- **TASK TO CARRY OUT**: The answer is the full listing below, copied exactly, with its pictures omitted.

[[ THE DATA open ]]

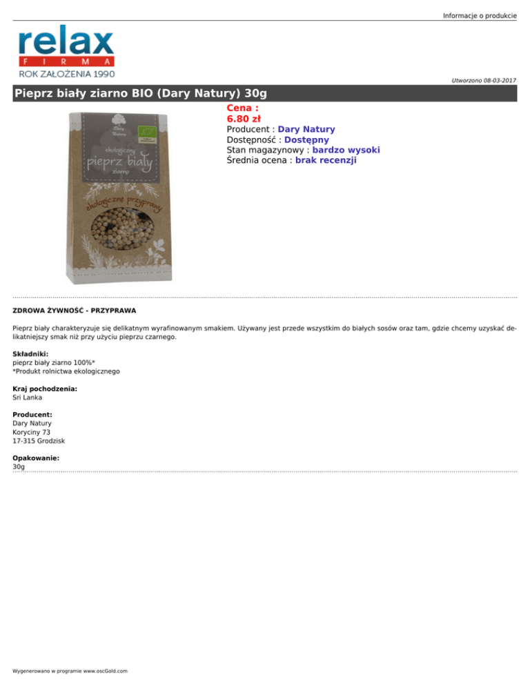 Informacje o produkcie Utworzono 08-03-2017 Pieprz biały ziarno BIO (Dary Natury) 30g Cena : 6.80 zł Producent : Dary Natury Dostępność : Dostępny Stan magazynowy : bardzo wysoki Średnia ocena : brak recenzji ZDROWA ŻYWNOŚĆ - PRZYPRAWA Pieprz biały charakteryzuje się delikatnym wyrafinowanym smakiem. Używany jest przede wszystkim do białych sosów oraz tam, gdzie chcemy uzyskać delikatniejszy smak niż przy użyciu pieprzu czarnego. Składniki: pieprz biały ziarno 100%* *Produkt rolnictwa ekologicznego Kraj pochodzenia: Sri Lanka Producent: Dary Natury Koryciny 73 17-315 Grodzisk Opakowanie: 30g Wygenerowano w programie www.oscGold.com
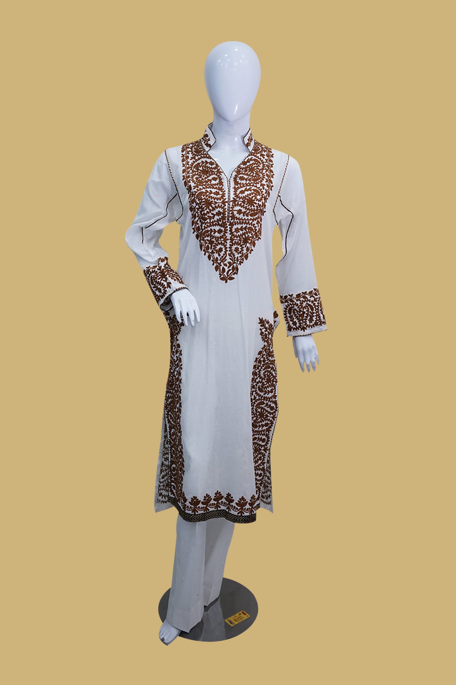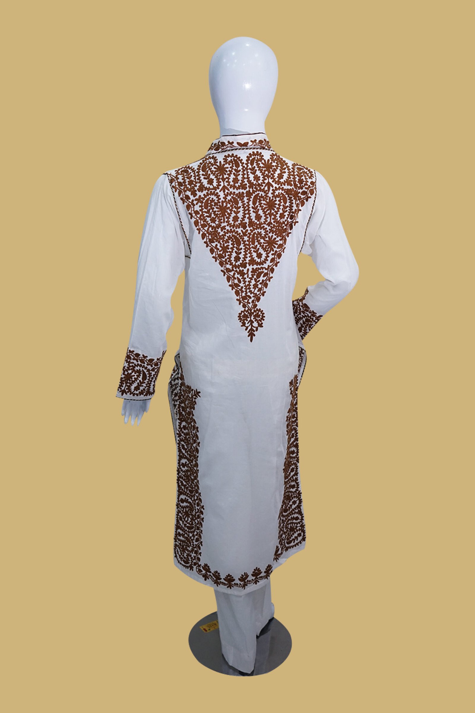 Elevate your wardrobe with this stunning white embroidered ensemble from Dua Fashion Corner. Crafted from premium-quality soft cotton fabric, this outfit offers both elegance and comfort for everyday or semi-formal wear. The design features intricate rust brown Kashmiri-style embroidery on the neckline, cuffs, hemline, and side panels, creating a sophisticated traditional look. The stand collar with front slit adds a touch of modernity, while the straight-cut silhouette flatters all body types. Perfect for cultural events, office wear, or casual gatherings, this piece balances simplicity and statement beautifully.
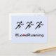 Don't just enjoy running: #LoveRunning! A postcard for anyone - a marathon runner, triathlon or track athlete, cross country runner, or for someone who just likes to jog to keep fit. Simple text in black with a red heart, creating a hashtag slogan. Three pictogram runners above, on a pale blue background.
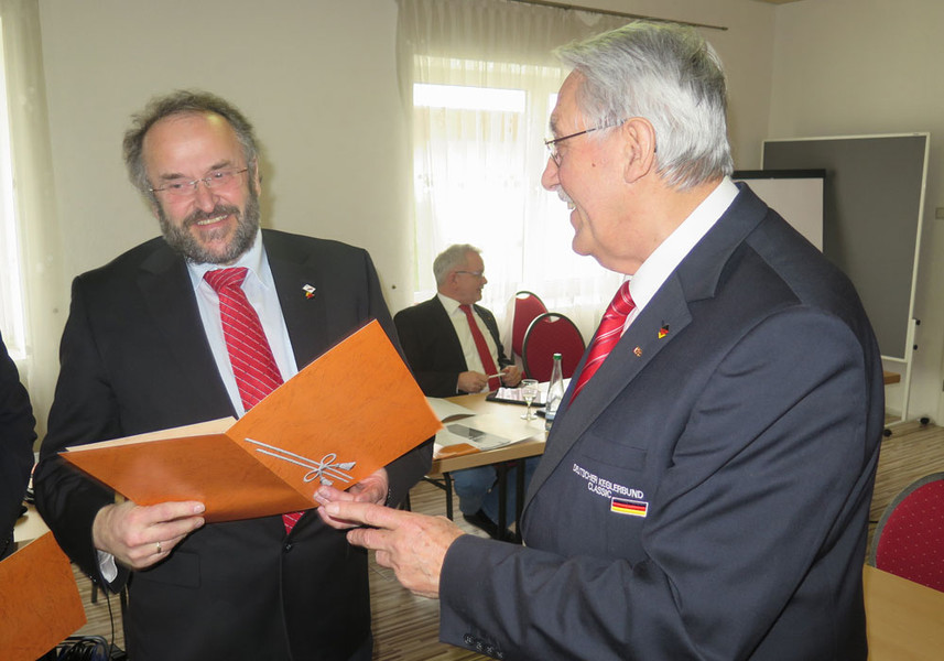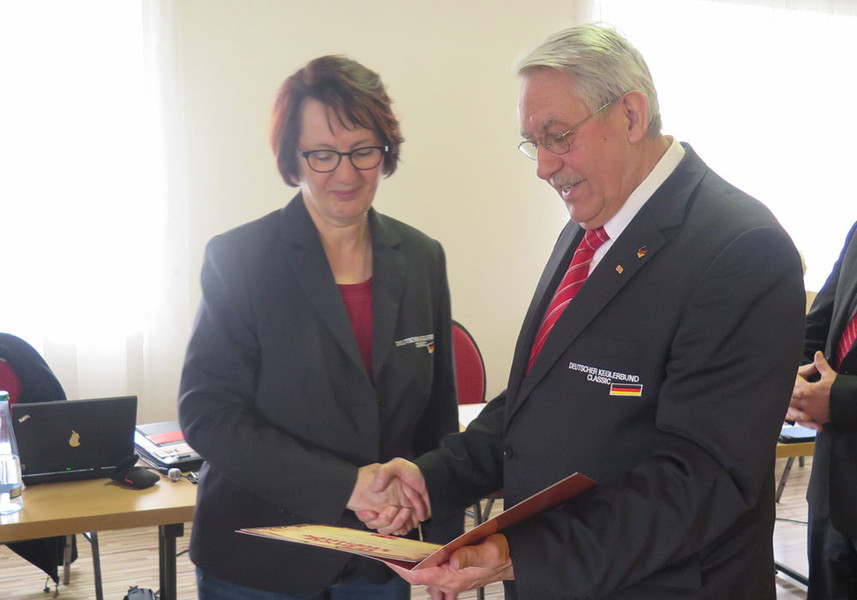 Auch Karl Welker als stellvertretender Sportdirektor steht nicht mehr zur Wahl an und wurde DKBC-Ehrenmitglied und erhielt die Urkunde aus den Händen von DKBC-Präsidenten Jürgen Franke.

[[ THE DATA closed ]]

- **TASK ANSWER**:
 Informacje o produkcie Utworzono 08-03-2017 Pieprz biały ziarno BIO (Dary Natury) 30g Cena : 6.80 zł Producent : Dary Natury Dostępność : Dostępny Stan magazynowy : bardzo wysoki Średnia ocena : brak recenzji ZDROWA ŻYWNOŚĆ - PRZYPRAWA Pieprz biały charakteryzuje się delikatnym wyrafinowanym smakiem. Używany jest przede wszystkim do białych sosów oraz tam, gdzie chcemy uzyskać delikatniejszy smak niż przy użyciu pieprzu czarnego. Składniki: pieprz biały ziarno 100%* *Produkt rolnictwa ekologicznego Kraj pochodzenia: Sri Lanka Producent: Dary Natury Koryciny 73 17-315 Grodzisk Opakowanie: 30g Wygenerowano w programie www.oscGold.com
 Elevate your wardrobe with this stunning white embroidered ensemble from Dua Fashion Corner. Crafted from premium-quality soft cotton fabric, this outfit offers both elegance and comfort for everyday or semi-formal wear. The design features intricate rust brown Kashmiri-style embroidery on the neckline, cuffs, hemline, and side panels, creating a sophisticated traditional look. The stand collar with front slit adds a touch of modernity, while the straight-cut silhouette flatters all body types. Perfect for cultural events, office wear, or casual gatherings, this piece balances simplicity and statement beautifully.
 Don't just enjoy running: #LoveRunning! A postcard for anyone - a marathon runner, triathlon or track athlete, cross country runner, or for someone who just likes to jog to keep fit. Simple text in black with a red heart, creating a hashtag slogan. Three pictogram runners above, on a pale blue background.
 Auch Karl Welker als stellvertretender Sportdirektor steht nicht mehr zur Wahl an und wurde DKBC-Ehrenmitglied und erhielt die Urkunde aus den Händen von DKBC-Präsidenten Jürgen Franke.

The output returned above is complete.